*Problem requirements*: What you return must be the full listing, word for word, with no images in it.

*Data extracts*:

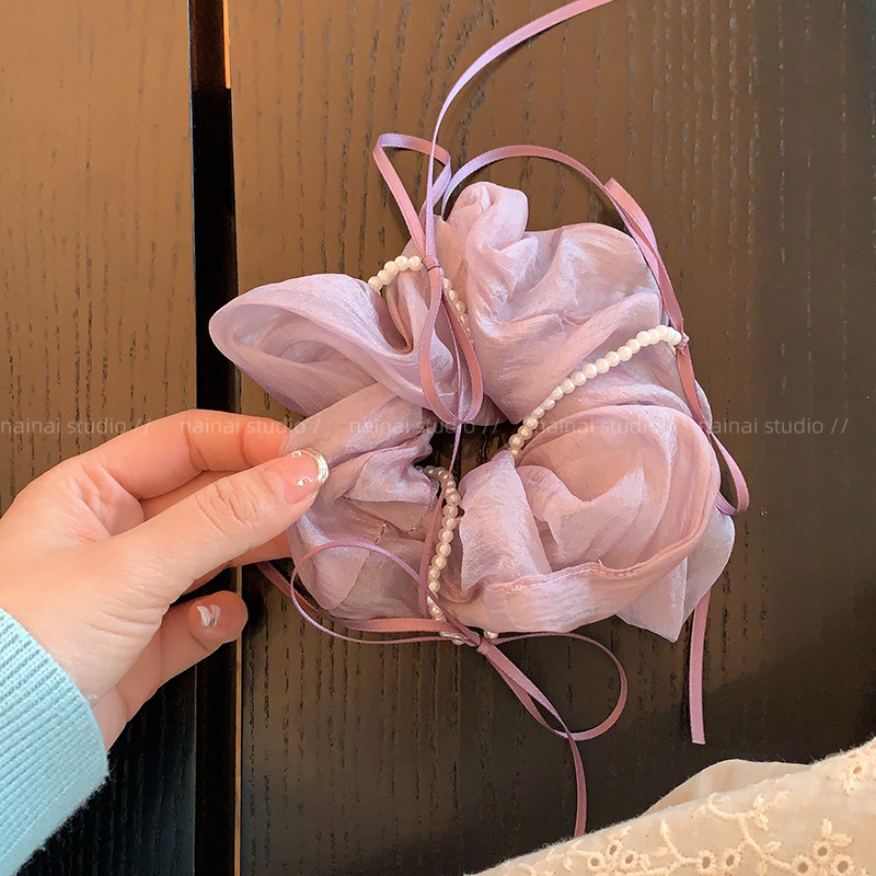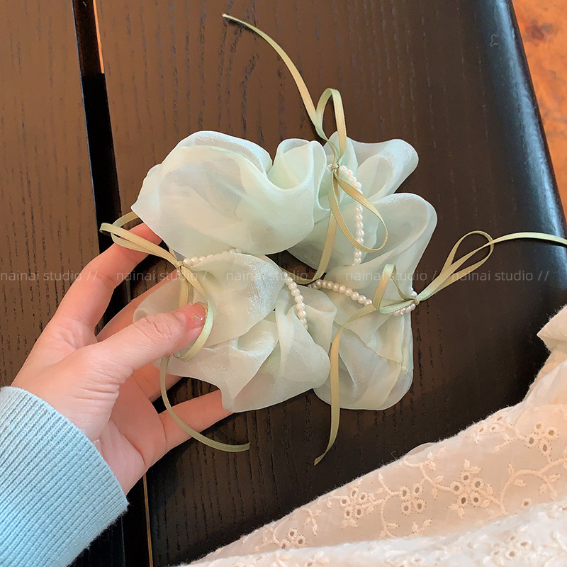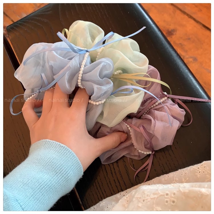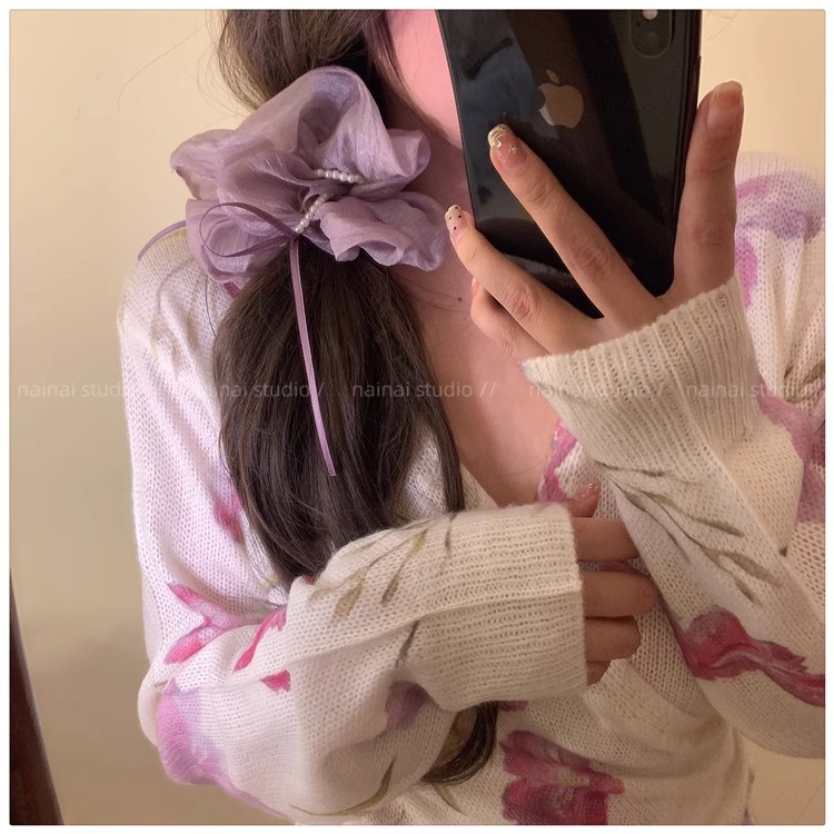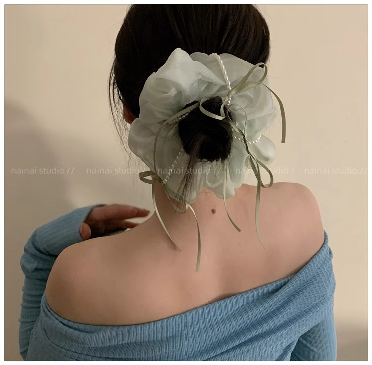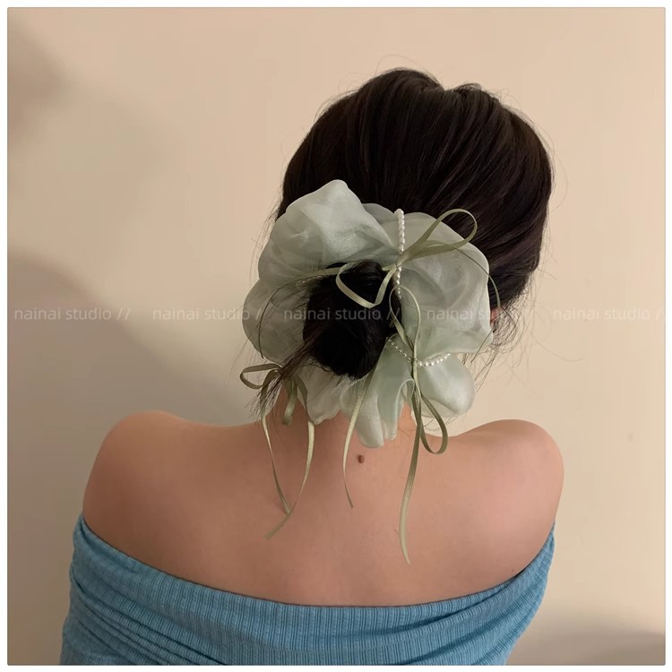 芭蕾风大肠发圈~ins韩系蝴蝶结珍珠发绳丸子头马尾高级感头绳发饰
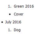 <div><ol><li>Green 2016</li></ol><ul><li>Cover</li></ul><li>July 2016</li><ol><li>Dog</li></ol></div>
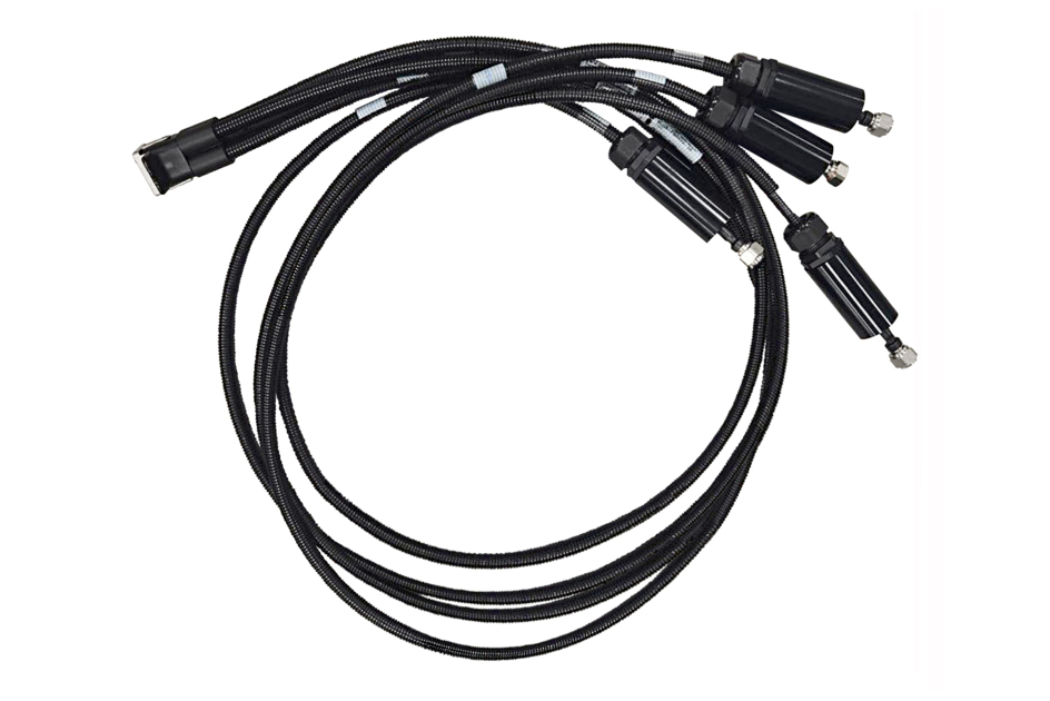 HELIAX® M-LOC Multiport cluster 4 ports SureFlex® cable assembly with interface type M-LOC latching male to 7-16DIN male with HELIAX® SureGuard weatherproofing,size 3/8", length 5 meters, covered by conduit shield
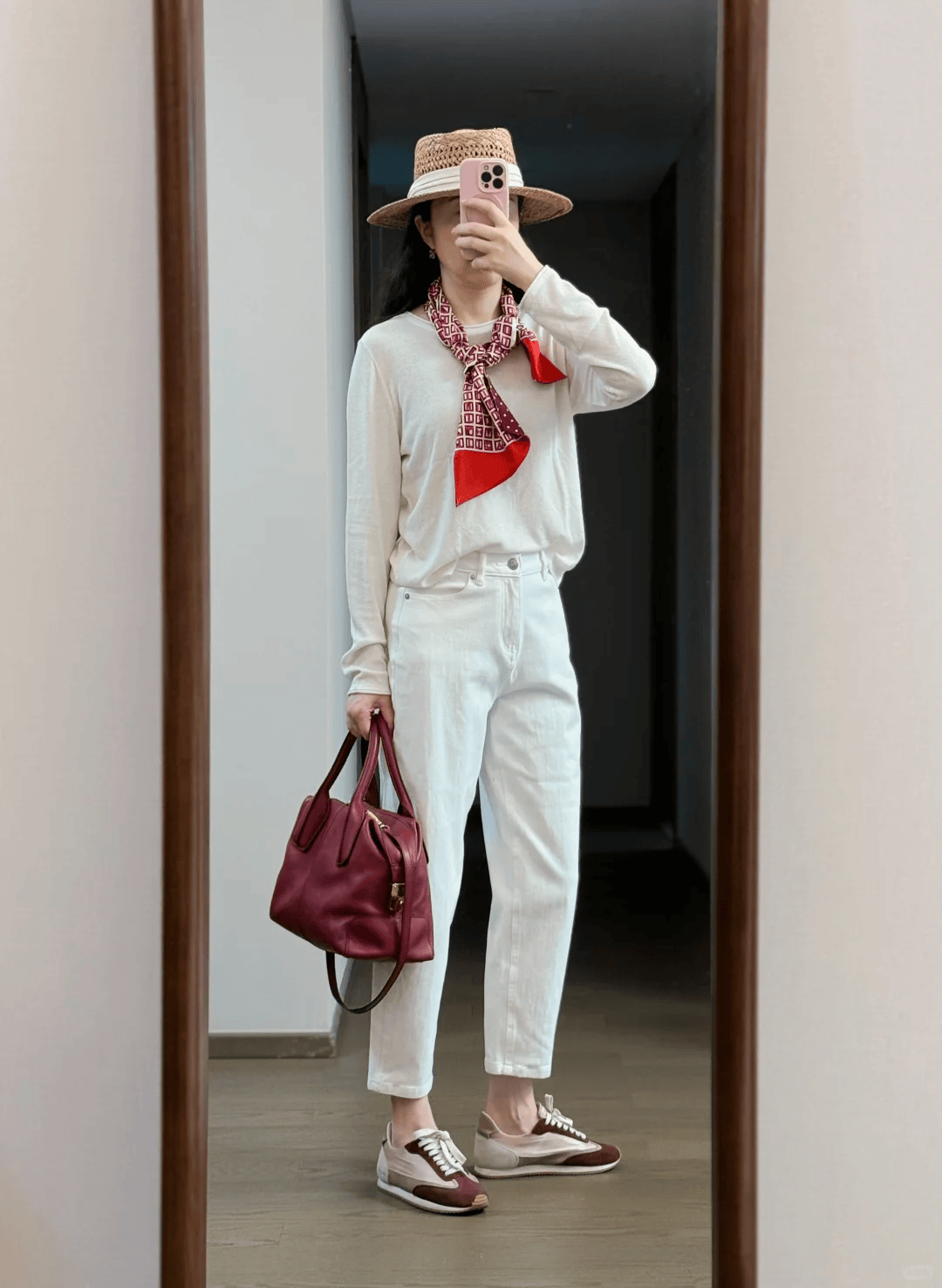 同色系搭配永远是最简约高级的,米白色针织衫+米白色锥形裤,简单又清新,博主选择了红色小碎花丝巾点缀,暗红色手提包加持,有时候配饰的点缀可以改变整体造型的气质,所以大家一定不要忽略了配饰哦!
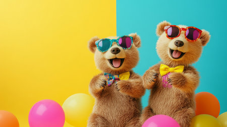 Two happy brown bears wearing sunglasses and bow ties celebrating with balloons on colorful background
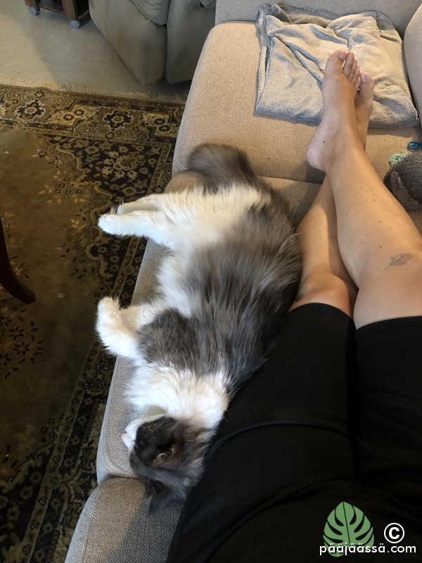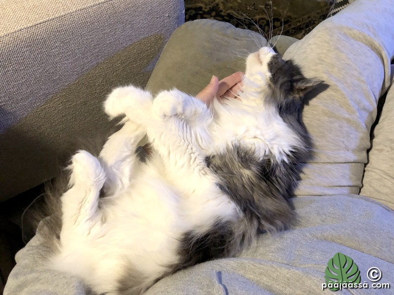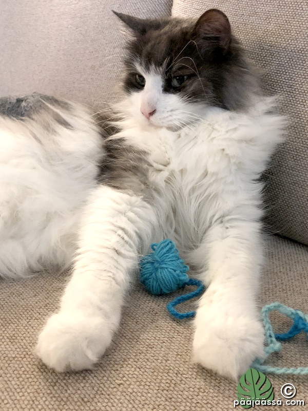 Pitkän turkin huolto on kyllä tuottanut hieman ongelmia. Siinä kohtaa Urho ei ihan vielä luota minuun. Olen saanut harjata selkäpuolelta ja rintakarvoja joka päivä, mutta vatsan puolelta ja kainaloista harjaamiseen kului noin viikko, kun sain niihin koskea. Perskarvoja ei saa harjata edelleenkään, eikä häntää. Luulen, että siellä on sellaisia takkuja joiden harjaus tekee kipeää. Siksipä teinkin sellaisen siirron, että soitin Urholle ajan trimmaukseen. Eli, nyt vaan vielä kuvia pitkäkarvaisesta kissasta kun sillä on pitkä karva! Trimmausaika on 31.8.2021 joten aikaa minulla vielä on ottaa joitain kuvia.
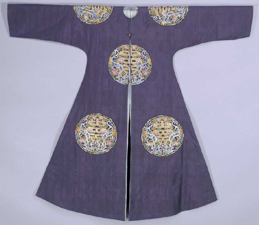 据《大清会典》规定,这种女用吉服褂是以不同的纹样来辨别等级的高低。此褂饰八团双夔拱寿纹,较后妃吉服褂所用纹样“两肩前后正龙各一,襟行龙四”、嫔吉服褂所用纹样“两肩前后正龙各一,襟夔龙四”及皇子福晋吉服褂所用纹样“五爪正龙四团,两肩前后各一”的等级为低,系皇孙福晋穿用的吉服褂,穿于吉服袍之外。
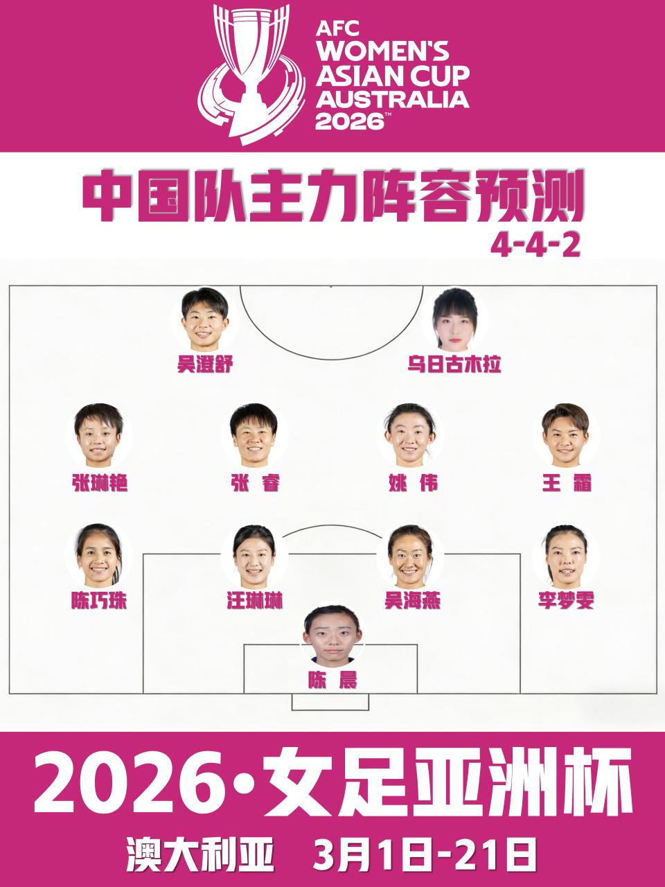 主力阵容预测:442阵型 王霜领衔
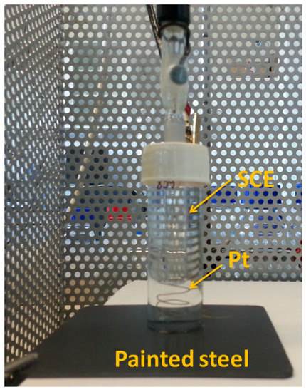 EIS measurements were performed using a Solartron 1286 potentiostat (“electrochemical interface”) in conjunction with a Solartron 1250 frequency response analyzer (Solartron Instruments, Farnborough, England). Instrument control and the fitting of the measured impedance spectra were performed using CorrWare/Corview version 3.5f and ZPlot/Zview version 3.5i software (Scribner Associates, Inc., Southern Pines, NC, USA). The electrochemical cell was a three-electrode cell with a saturated calomel electrode (SCE) as the reference electrode, a platinum wire as a counter electrode and the paint-coated sample as a working electrode. The body of the cell was a glass tube (Ø 22 mm), which was mounted to the painted steel with epoxy glue (Figure 2). Measurements were performed in 20 mL 5% NaCl solution at room temperature. In order to monitor the time dependence of corrosion, we compiled a series of measurements in which the open-circuit potential (OCP) and EIS measurements were repeated cyclically. Impedance spectra were recorded at OCP using a 10 mV effective amplitude sinusoidal signal with 10 points per decade over frequencies ranging from 10 kHz to 10 mHz.

*Response to this exercise*:
 芭蕾风大肠发圈~ins韩系蝴蝶结珍珠发绳丸子头马尾高级感头绳发饰
 <div><ol><li>Green 2016</li></ol><ul><li>Cover</li></ul><li>July 2016</li><ol><li>Dog</li></ol></div>
 HELIAX® M-LOC Multiport cluster 4 ports SureFlex® cable assembly with interface type M-LOC latching male to 7-16DIN male with HELIAX® SureGuard weatherproofing,size 3/8", length 5 meters, covered by conduit shield
 同色系搭配永远是最简约高级的,米白色针织衫+米白色锥形裤,简单又清新,博主选择了红色小碎花丝巾点缀,暗红色手提包加持,有时候配饰的点缀可以改变整体造型的气质,所以大家一定不要忽略了配饰哦!
 Two happy brown bears wearing sunglasses and bow ties celebrating with balloons on colorful background
 Pitkän turkin huolto on kyllä tuottanut hieman ongelmia. Siinä kohtaa Urho ei ihan vielä luota minuun. Olen saanut harjata selkäpuolelta ja rintakarvoja joka päivä, mutta vatsan puolelta ja kainaloista harjaamiseen kului noin viikko, kun sain niihin koskea. Perskarvoja ei saa harjata edelleenkään, eikä häntää. Luulen, että siellä on sellaisia takkuja joiden harjaus tekee kipeää. Siksipä teinkin sellaisen siirron, että soitin Urholle ajan trimmaukseen. Eli, nyt vaan vielä kuvia pitkäkarvaisesta kissasta kun sillä on pitkä karva! Trimmausaika on 31.8.2021 joten aikaa minulla vielä on ottaa joitain kuvia.
 据《大清会典》规定,这种女用吉服褂是以不同的纹样来辨别等级的高低。此褂饰八团双夔拱寿纹,较后妃吉服褂所用纹样“两肩前后正龙各一,襟行龙四”、嫔吉服褂所用纹样“两肩前后正龙各一,襟夔龙四”及皇子福晋吉服褂所用纹样“五爪正龙四团,两肩前后各一”的等级为低,系皇孙福晋穿用的吉服褂,穿于吉服袍之外。
 主力阵容预测:442阵型 王霜领衔
 EIS measurements were performed using a Solartron 1286 potentiostat (“electrochemical interface”) in conjunction with a Solartron 1250 frequency response analyzer (Solartron Instruments, Farnborough, England). Instrument control and the fitting of the measured impedance spectra were performed using CorrWare/Corview version 3.5f and ZPlot/Zview version 3.5i software (Scribner Associates, Inc., Southern Pines, NC, USA). The electrochemical cell was a three-electrode cell with a saturated calomel electrode (SCE) as the reference electrode, a platinum wire as a counter electrode and the paint-coated sample as a working electrode. The body of the cell was a glass tube (Ø 22 mm), which was mounted to the painted steel with epoxy glue (Figure 2). Measurements were performed in 20 mL 5% NaCl solution at room temperature. In order to monitor the time dependence of corrosion, we compiled a series of measurements in which the open-circuit potential (OCP) and EIS measurements were repeated cyclically. Impedance spectra were recorded at OCP using a 10 mV effective amplitude sinusoidal signal with 10 points per decade over frequencies ranging from 10 kHz to 10 mHz.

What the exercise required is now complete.